Core Data Types
Core Data Types
This section defines the fundamental data structures used to interact with the Supervised AI testing API. These types ensure consistency across model evaluations, dataset management, and reporting.
Primitive Types and Enums
TestStatus
Represents the current lifecycle state of a testing job.
| Value | Description |
| :--- | :--- |
| PENDING | The test has been queued but not yet picked up by a worker. |
| RUNNING | The test is currently being evaluated against the model. |
| COMPLETED | The test finished successfully and results are available. |
| FAILED | An error occurred during the execution. |
MetricType
Standard identifiers for automated evaluation metrics.
ACCURACY: Percentage of correct predictions.LATENCY: Response time of the model in milliseconds.F1_SCORE: Weighted average of precision and recall.TOKEN_USAGE: Count of tokens consumed (specific to LLMs).
Complex Objects
TestInput
The TestInput object represents the payload sent to your model for evaluation.
| Field | Type | Description |
| :--- | :--- | :--- |
| id | string | A unique identifier for the specific test case. |
| payload | object | The raw data (JSON) to be processed by the model. |
| metadata | object | (Optional) Key-value pairs for filtering and categorization. |
Example Usage:
{
"id": "case_001",
"payload": {
"prompt": "Summarize the following text...",
"temperature": 0.7
},
"metadata": {
"tier": "enterprise",
"region": "us-east-1"
}
}
EvaluationFrame
The bridge between input data and the expected output (Ground Truth).
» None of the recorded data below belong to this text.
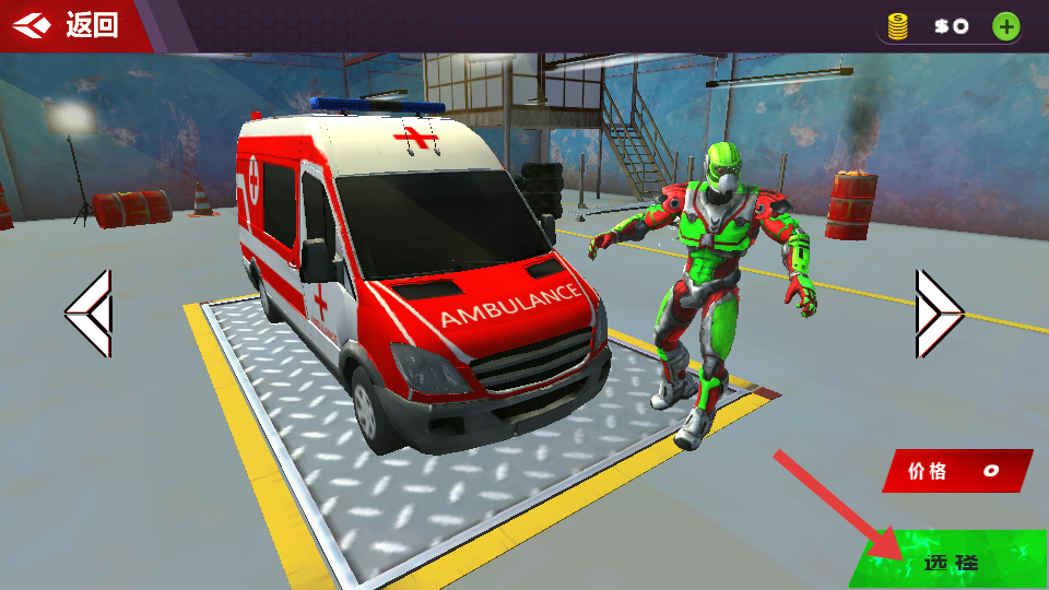 1、界面中有救護車和角色,點擊選擇按鈕可選取救護車,為后續執行救援任務做準備,玩家即可開啟救援之旅。
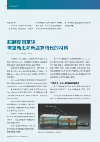 www.eettaiwan.com | 2025%u5e749-10%u670810 SPOTLIGHT%u8d85%u8d8a%u6469%u723e%u5b9a%u5f8b%uff1a%u9700%u91cd%u65b0%u601d%u8003%u65b0%u904b%u7b97%u6642%u4ee3%u7684%u6750%u6599%u4eca%u5e74%u590f%u521d%uff0cMeta%u7c3d%u7f72%u4e86%u4e00%u9805%u70ba%u671f20%u5e74%u7684%u5354%u5b9a%uff0c%u4ee5%u5ef6%u9577%u4f0a%u5229%u8afe%u5dde(Illinois)%u4e00%u5ea7%u6838%u96fb%u5ee0%u7684%u4f7f%u7528%u58fd%u547d%uff0c%u8a72%u6838%u96fb%u5ee0%u5c07%u70ba%u8a72%u516c%u53f8%u5728%u8a72%u5730%u5340%u7684%u696d%u52d9%u63d0%u4f9b1.1GW%u7684%u96fb%u529b%u3002%u9019%u7b46%u4ea4%u6613%u5c0d%u6838%u96fb%u5ee0%u71df%u904b%u5546%u800c%u8a00%u662f%u4e00%u689d%u751f%u547d%u7dda%u3002%u4f46%u66f4%u91cd%u8981%u7684%u662f%uff0c%u5b83%u6a19%u8a8c%u8457%u80fd%u6e90%u5bc6%u96c6%u578b%u79d1%u6280%u516c%u53f8%u8fce%u4f86%u4e00%u500b%u8f49%u6369%u9ede%u2014%u2014%u6210%u70ba%u5927%u578b%u79d1%u6280%u4f01%u696d%u5982%u4f55%u4fdd%u969c%u6838%u80fd%u53ef%u884c%u6027%u7684%u793a%u7bc4%u6848%u4f8b%u3002%u6b64%u5916%uff0cxAI%u516c%u53f8%u56e0%u7121%u8996%u74b0%u5883%u6cd5%u898f%uff0c%u4f7f%u7528%u672a%u7d93%u8a31%u53ef%u7684%u7532%u70f7%u6c23%u9ad4%u7522%u751f%u5668%u70ba%u5176%u4f4d%u65bc%u7530%u7d0d%u897f%u5dde(Tennessee)%u5b5f%u83f2%u65af(Memphis)%u7684Colossus%u8d85%u7d1a%u96fb%u8166%u4f9b%u96fb%u800c%u53d7%u5230%u5ee3%u6cdb%u6279%u8a55%u3002%u9700%u6c42%u7aef%u7684%u8cc7%u6599%u4e0d%u6703%u8aaa%u8b0a%uff1a%u9ad8%u76db%u7814%u7a76%u90e8(Goldman Sachs Research)%u9810%u6e2c%uff0c%u5230%u672c%u4e16%u7d00%u672b%uff0c%u5168%u7403%u8cc7%u6599%u4e2d%u5fc3%u7684%u96fb%u529b%u9700%u6c42%u5c07%u6210%u9577%u9ad8%u9054165%%uff1b%u9810%u8a08%u52302028%u5e74%uff0c%u4eba%u5de5%u667a%u6167(AI)%u5c07%u4f54%u5176%u4e2d%u768419%%u3002Meta%u7684%u9019%u7b46%u4ea4%u6613%u770b%u8d77%u4f86%u50cf%u662f%u61c9%u5c0dAI%u80fd%u6e90%u9700%u6c42%u7684%u4e00%u7a2e%u5927%u81bd%u89e3%u6c7a%u65b9%u6848%uff0c%u4f46%u5b83%u53ea%u662f%u5ef6%u7de9%u4e86%u554f%u984c%u7684%u7206%u767c%u3002%u771f%u6b63%u7684%u554f%u984c%u4e0d%u5728%u4f9b%u61c9%u7aef%uff0c%u800c%u5728%u9700%u6c42%u7aef%u3002%u96a8%u8457AI%u5de5%u4f5c%u8ca0%u8f09%u6301%u7e8c%u5448%u6307%u6578%u7d1a%u6210%u9577%uff0c%u552f%u4e00%u6c38%u7e8c%u7684%u767c%u5c55%u8def%u5f91%u662f%u5927%u5e45%u63d0%u5347%u80fd%u6e90%u6548%u7387%u2014%u2014%u800c%u9019%u6b63%u662f%u7576%u524d%u534a%u5c0e%u9ad4%u7522%u696d%u6240%u9762%u81e8%u7684%u91cd%u5927%u6311%u6230%u3002%u7b54%u6848%u4e0d%u50c5%u5728%u65bc%u50b3%u7d71%u7684%u6676%u7247%u67b6%u69cb%uff0c%u66f4%u5728%u65bc%u5c0d%u9023%u63a5%u548c%u9694%u96e2%u904b%u7b97%u7cfb%u7d71%u7684%u6750%u6599%u9032%u884c%u6839%u672c%u6027%u7684%u91cd%u65b0%u69cb%u60f3%u3002%u6578%u5341%u5e74%u4f86%uff0c%u6574%u500b%u7522%u696d%u4e00%u76f4%u88ab%u6469%u723e%u5b9a%u5f8b(Moore%u2019s Law)%u7684%u53ef%u9810%u6e2c%u6027%u6240%u5f15%u5c0e%uff0c%u751a%u81f3%u53ef%u4ee5%u8aaa%u662f%u5728%u9019%u7a2e%u898f%u5f8b%u7684%u300c%u4fdd%u8b77%u300d%u4e4b%u4e0b%u767c%u5c55%u3002%u6bcf%u5169%u5e74%uff0c%u6211%u5011%u90fd%u80fd%u671f%u5f85%u66f4%u5feb%u3001%u66f4%u4fbf%u5b9c%u3001%u66f4%u5bc6%u96c6%u7684%u6676%u7247%u554f%u4e16%u3002%u4f46%u9019%u4e00%u627f%u8afe%u5df2%u7d93%u7834%u88c2%uff0c%u800c%u8207%u6b64%u540c%u6642%uff0c%u7b2c%u4e8c%u5834%u7d50%u69cb%u6027%u8b8a%u9769%u4e5f%u6b63%u5728%u767c%u751f%uff1aAI%u7684%u7206%u767c%u6b63%u4ee5%u524d%u6240%u672a%u6709%u7684%u901f%u5ea6%u63a8%u52d5%u8457%u904b%u7b97%u8207%u983b%u5bec%u9700%u6c42%u7684%u6210%u9577%uff0c%u5176%u901f%u5ea6%u9060%u9060%u8d85%u51fa%u4e86%u50b3%u7d71%u67b6%u69cb%u539f%u672c%u8a2d%u8a08%u6240%u80fd%u627f%u8f09%u7684%u6975%u9650%u3002%u4e09%u91cd%u5a01%u8105%uff1a%u80fd%u8017%u3001%u71b1%u91cf%u8207%u7269%u7406%u6975%u9650%u6211%u5011%u6b63%u5c07%u8d8a%u4f86%u8d8a%u591a%u7684%u80fd%u8017%u6295%u5165%u5230%u7cfb%u7d71%u4e2d%uff0c%u537b%u6536%u7a6b%u8d8a%u4f86%u8d8a%u5c0f%u7684%u6027%u80fd%u63d0%u5347%u3002%u9019%u4e26%u975e%u6210%u9577%u66f2%u7dda%uff0c%u800c%u662f%u4e00%u500b%u5371%u96aa%u8a0a%u865f%u3002%u6bcf%u4e00%u74e6%u7279(W)%u7684%u904b%u7b97%u529f%u7387%u90fd%u6703%u8f49%u5316%u70ba%u4e00%u74e6%u7279%u7684%u71b1%u8ca0%u8377%uff0c%u8feb%u4f7f%u6211%u5011%u90e8%u7f72%u66f4%u52a0%u8907%u96dc%u7684%u51b7%u537b%u7cfb%u7d71%uff0c%u4f8b%u5982%u6d78%u6c92%u5f0fStefan Pastine%uff0cThintronics%u806f%u5408%u5275%u59cb%u4eba%u66a8%u57f7%u884c%u9577%u8de8%u6676%u7247%u5c01%u88dd%u3001%u57fa%u677f%u548c%u4e3b%u6a5f%u677f%u7684%u7d71%u4e00%u7d55%u7de3%u6750%u6599%u3002%u7684%u667a%u6167%u672a%u4f86%u3002%u53e6%u4e00%u65b9%u9762%uff0c%u5982%u540cBartlett%u6240%u8a00%uff0c%u300c%u57fa%u790e%u6280%u8853%u300d%u4e0d%u4ee3%u8868%u904e%u6642%uff0c%u800c%u662f%u5b55%u80b2%u6c38%u7e8c%u5275%u65b0%u7684%u571f%u58e4%u3002%u7576AI%u8207%u534a%u5c0e%u9ad4%u96d9%u5411 %u9a45 %u52d5%uff0cH P C %u6b63 %u9ede %u71c3 %u667a%u6167 %u7522 %u696d%u7684%u65b0%u5f15%u64ce%uff0c%u63a8%u52d5%u6280%u8853%u8207%u61c9%u7528%u6301%u7e8c%u7a81%u7834%uff0c%u5e36%u9818%u7522%u696d%u9081%u5411%u5168%u9762%u5275%u65b0%u4e14%u6c38%u7e8c%u7684%u767c%u5c55%u3002
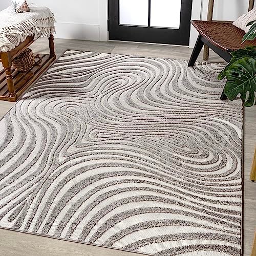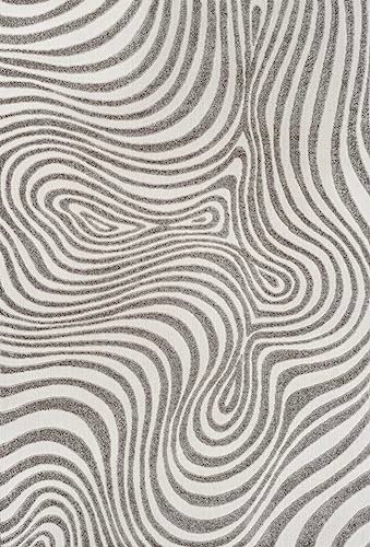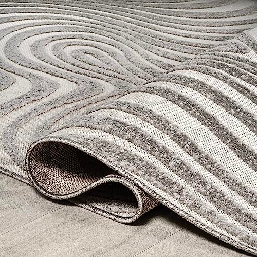 JONATHAN Y SCN103B-8 Maribo High-Low Abstract Groovy Striped Indoor/Outdoor Area Rug, Contemporary, Modern, Vintage, Bohemian for Bedroom,Kitchen,Living Room,Non Shedding,Easy-Washing, Gray, 8 X 10

Use this when defining datasets for supervised testing.
| Field | Type | Description |
| :--- | :--- | :--- |
| input | TestInput | The data to be sent to the model. |
| expected_output | string|object | The reference answer or "ground truth". |
| weight | number | The importance of this specific frame (default: 1.0). |
MetricResult
The output generated by the evaluation engine for a specific metric.
| Field | Type | Description |
| :--- | :--- | :--- |
| name | MetricType | The metric being reported. |
| value | float | The numerical score calculated. |
| threshold_passed | boolean | Whether the score met the pre-defined success criteria. |
Example Usage:
{
"name": "LATENCY",
"value": 145.2,
"threshold_passed": true
}
API Response Objects
TestReport
The top-level object returned when querying the results of a testing suite.
| Field | Type | Description |
| :--- | :--- | :--- |
| test_id | UUID | Unique identifier for the test run. |
| status | TestStatus | Current state of the run. |
| summary | object | Aggregated scores (e.g., mean accuracy). |
| results | Array<MetricResult> | Detailed breakdown of individual metrics. |
| created_at | ISO8601 | Timestamp of initiation. |
Example Response:
{
"test_id": "550e8400-e29b-41d4-a716-446655440000",
"status": "COMPLETED",
"summary": {
"total_cases": 100,
"passed": 98
},
"results": [
{
"name": "ACCURACY",
"value": 0.98,
"threshold_passed": true
}
],
"created_at": "2023-10-27T10:00:00Z"
}
Internal Components
Note: These are used by the system internally to manage state but may appear in advanced configuration logs.
WorkerNode: Represents the compute instance executing the test logic.DataBuffer: A transient internal stream used to pipe large datasets from storage to the evaluation engine. Avoid manual instantiation of this type.